History of Random Walk Theory
The term ‘Random Walk’ was popularized by the 1973 book, “A Random Walk Down Wall Street”, by Burton Malkiel, Professor of Economics and Finance at Princeton University.
Burton G. Malkiel, did a test where his students were given a hypothetical stock that was initially worth fifty dollars. The closing stock price for each day was determined by a coin flip. If the result was heads the price would close a half point higher, and subsequently if the result was tails, it would close a half point lower. Each time there was a fifty-fifty chance of the price closing higher or lower than the previous day. There were cycles or trends determined from the tests. Malkiel then took the results in a chart and graph form to a chartist (a person who “seeks to predict future movements by seeking to interpret past patterns on the assumption that ‘history tends to repeat itself’”). The chartist told Malkiel that they needed to immediately buy the stock. When Malkiel told him it was based purely on flipping a coin, the chartist was very unhappy. This indicates that the market and stocks could be just as random as flipping a coin.
Random Walk Hypothesis
The first specification of efficient markets and their relationship to the randomness of prices for things traded in the market goes to Samuelson and Mandelbrot. Samuelson has proved in 1965 that if a market has zero transaction costs, if all available information is free to all interested parties, and if all market participants and potential participants have the same horizons and expectations about prices, the market will be efficient and prices will fluctuate randomly.
According to the Random Walk Theory, the changes in prices of stock show independent behavior and are dependent on the new pieces of information that are received but within themselves are independent of each other. Whenever a new price of information is received in the stock market, the market independently receives this information and it is independent and separate from all the other prices of information. For example, a stock is selling at Rs. 40 based on existing information known to all investors. Afterwards, the news of a strike in that company will bring down the stock price to Rs. 30 the next day. The stock price further goes down to Rs. 25. Thus, the first fall in stock price from Rs. 40 to Rs. 30 is caused because of some information about the strike. But the second fall in the price of a stock from Rs. 30 to Rs. 25 is due to additional information on the type of strike. Therefore, each price change is independent of the other because each information has been taken in, by the stock market and separately disseminated. However, independent pieces of information, when they come together immediately after each other show that the price is falling but each price fall is independent of the other price fall.

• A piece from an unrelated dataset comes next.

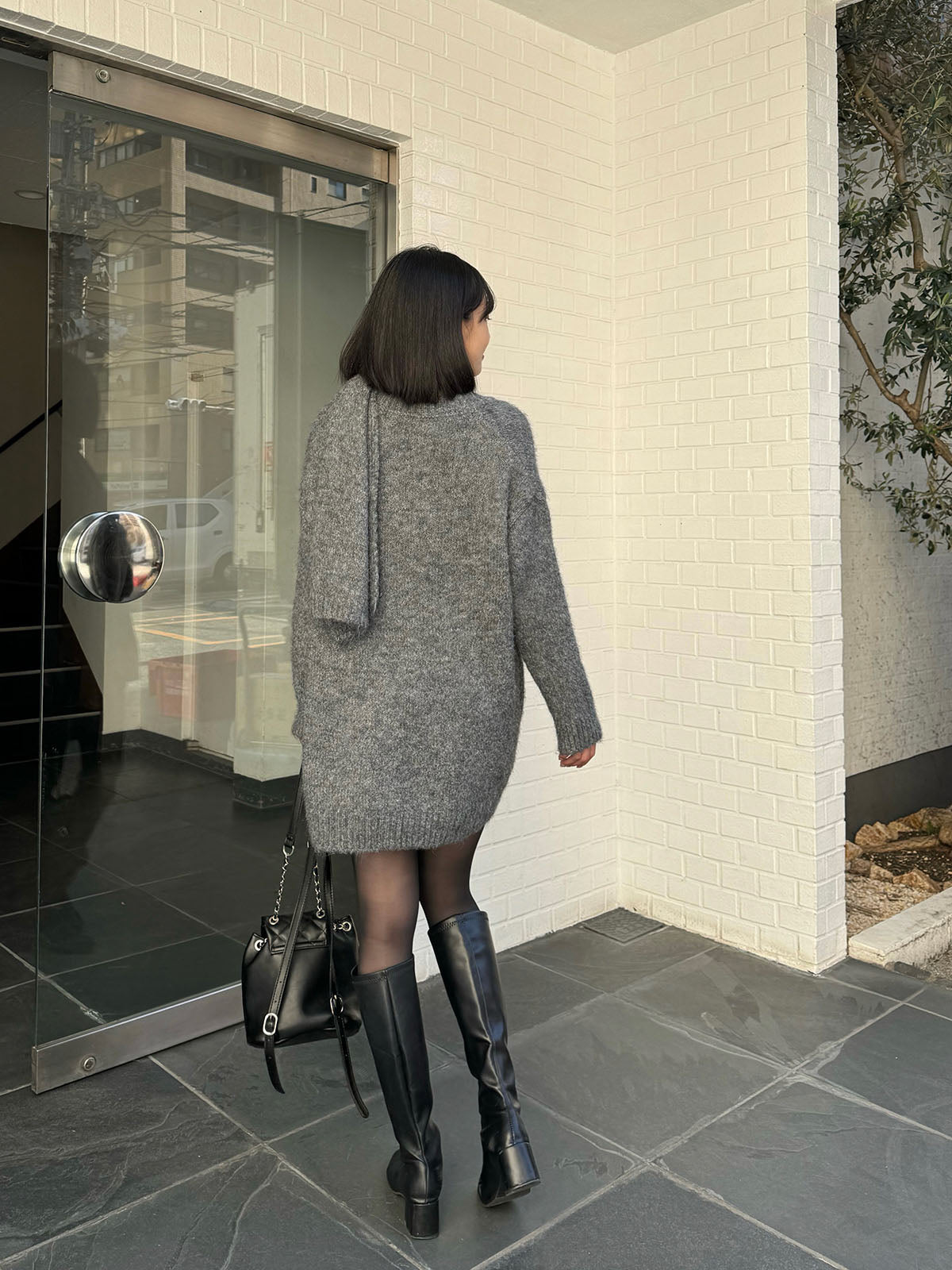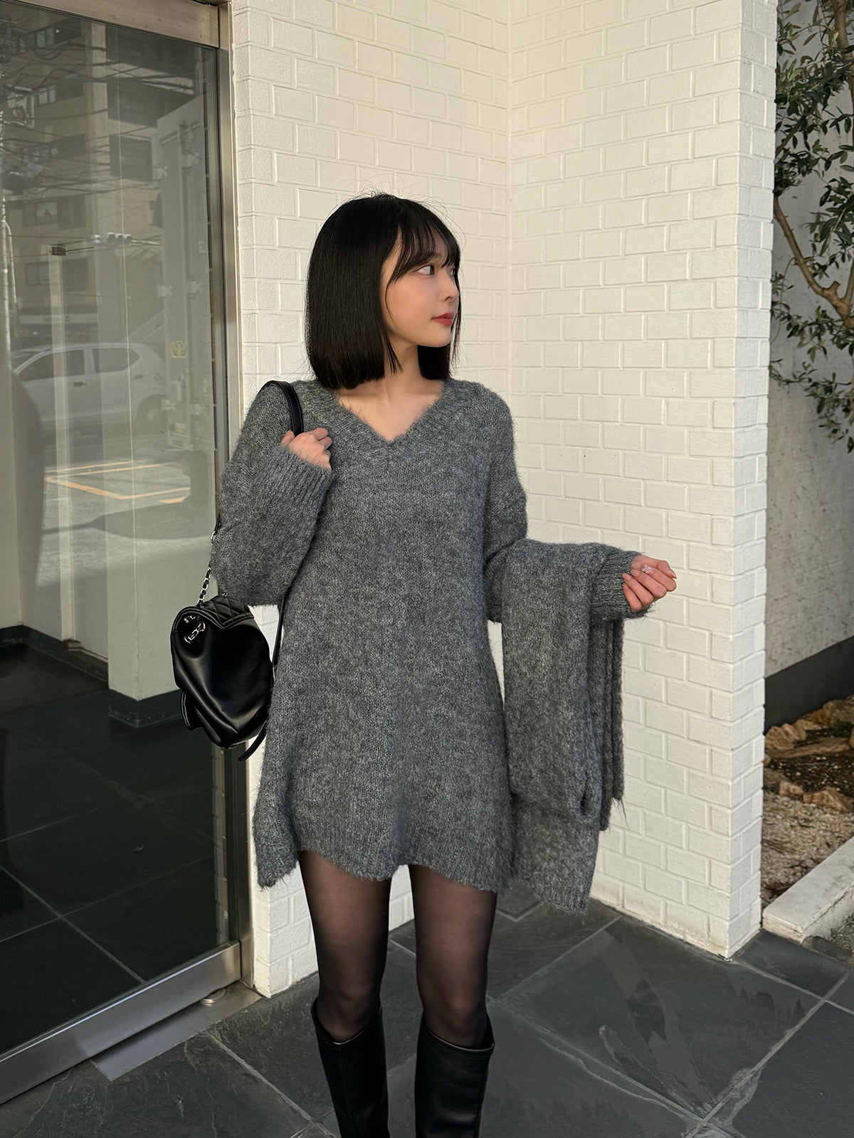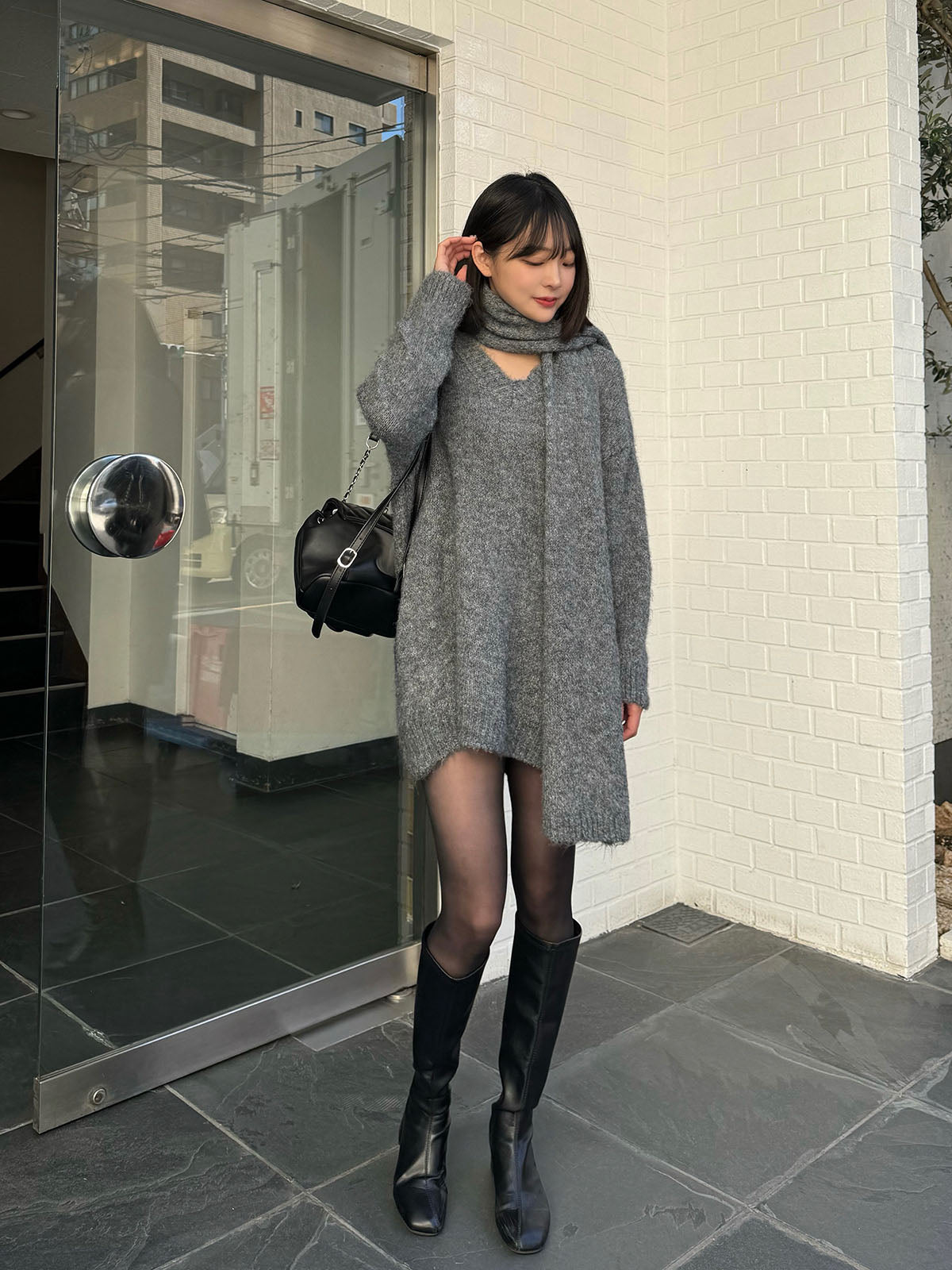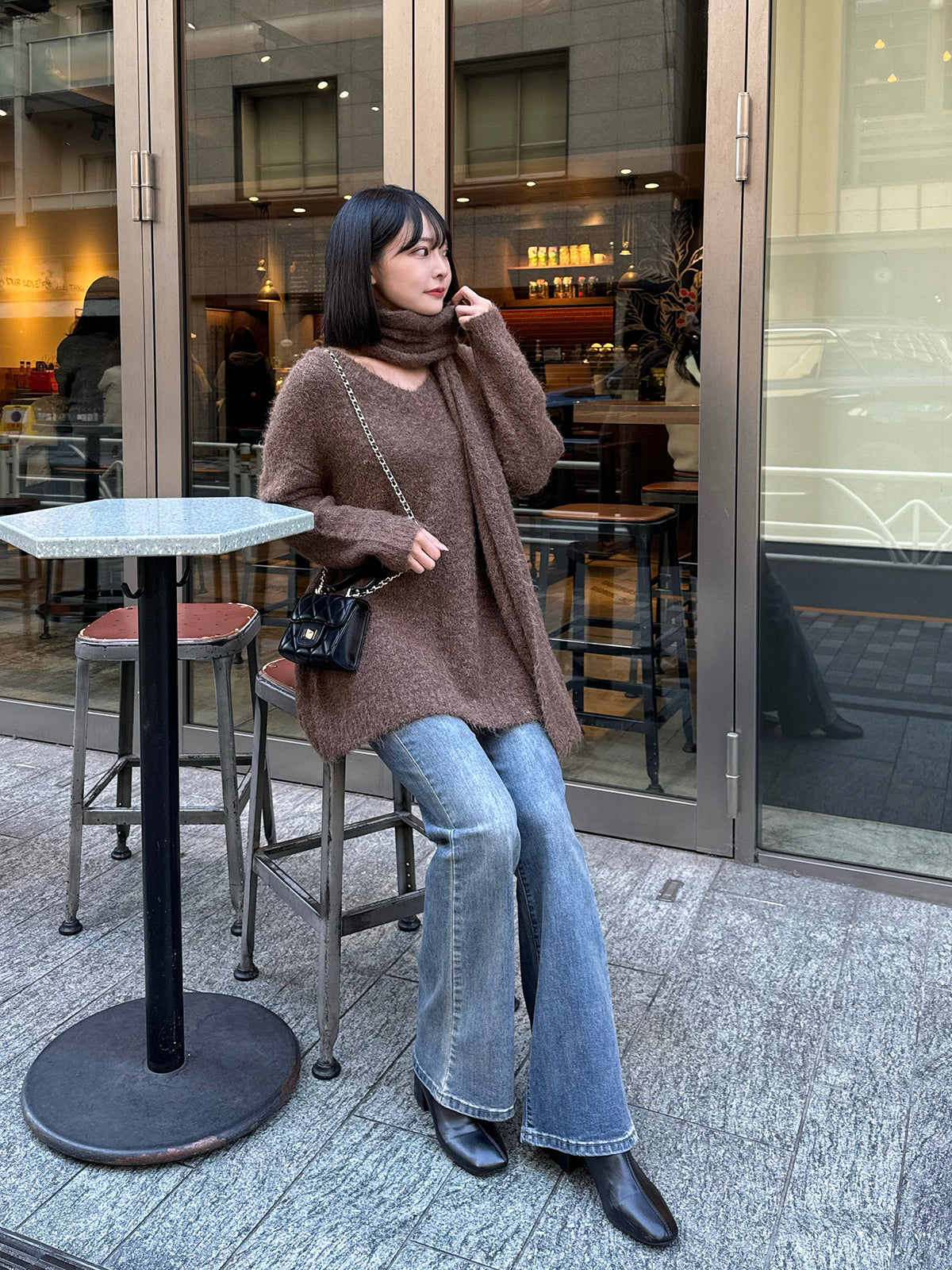 This item comes as a set of a V-neck sweater and scarf made from brushed knit material.

The basic essential fact of the Random Walk Theory is that the information on stock prices is immediately and fully spread over that other investors have full knowledge of the information. The response makes the movement of prices independent of each other. Thus, it may be said that the prices have an independent nature and therefore, the price of each day is different. The theory further states that the financial markets are so competitive that there is immediate price adjustment. It is due to the effective communication system through which information can be disturbed almost anywhere in the country. This speed of information determines the efficiency of the market.

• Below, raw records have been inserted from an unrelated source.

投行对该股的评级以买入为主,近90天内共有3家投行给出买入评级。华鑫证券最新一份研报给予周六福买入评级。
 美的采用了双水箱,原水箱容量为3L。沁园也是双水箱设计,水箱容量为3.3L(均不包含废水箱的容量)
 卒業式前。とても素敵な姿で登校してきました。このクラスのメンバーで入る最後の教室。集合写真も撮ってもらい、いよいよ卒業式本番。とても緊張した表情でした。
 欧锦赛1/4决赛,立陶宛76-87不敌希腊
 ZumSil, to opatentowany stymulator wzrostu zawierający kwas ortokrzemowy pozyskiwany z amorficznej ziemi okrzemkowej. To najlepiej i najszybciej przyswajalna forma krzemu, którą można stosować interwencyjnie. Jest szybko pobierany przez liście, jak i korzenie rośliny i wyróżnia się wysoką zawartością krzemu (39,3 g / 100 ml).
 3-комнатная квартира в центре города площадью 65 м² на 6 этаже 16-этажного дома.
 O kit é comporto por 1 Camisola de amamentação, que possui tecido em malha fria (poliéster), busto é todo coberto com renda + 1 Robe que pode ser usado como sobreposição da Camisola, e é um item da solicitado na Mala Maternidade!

Difference Between Random Walk Theory and the Efficient Market Hypothesis (EMH)
According the Efficient Market Hypothesis (EMH) the market is a “fair game” where prices are set fairly and there are no market inefficiencies for investors to exploit. The efficient market model says nothing about stability in the process generating returns. The random walk model is a special and more restrictive case of the efficient market model which carries the added assumptions that successive returns be independent and identically distributed.
Implications of Random Walk Theory in Portfolio Management
The common practice of forecasting returns and portfolio volatility based on historical mean returns and standard deviations requires the belief that the return generating process is stable and the assumptions of the random walk model are valid. If the return generating process is not stable or does not conform to the random walk model assumptions, then the practice of forecasting future returns from historical returns is unreliable because investment opportunities vary from period to period, and thus the appropriate investment solution is subject to change.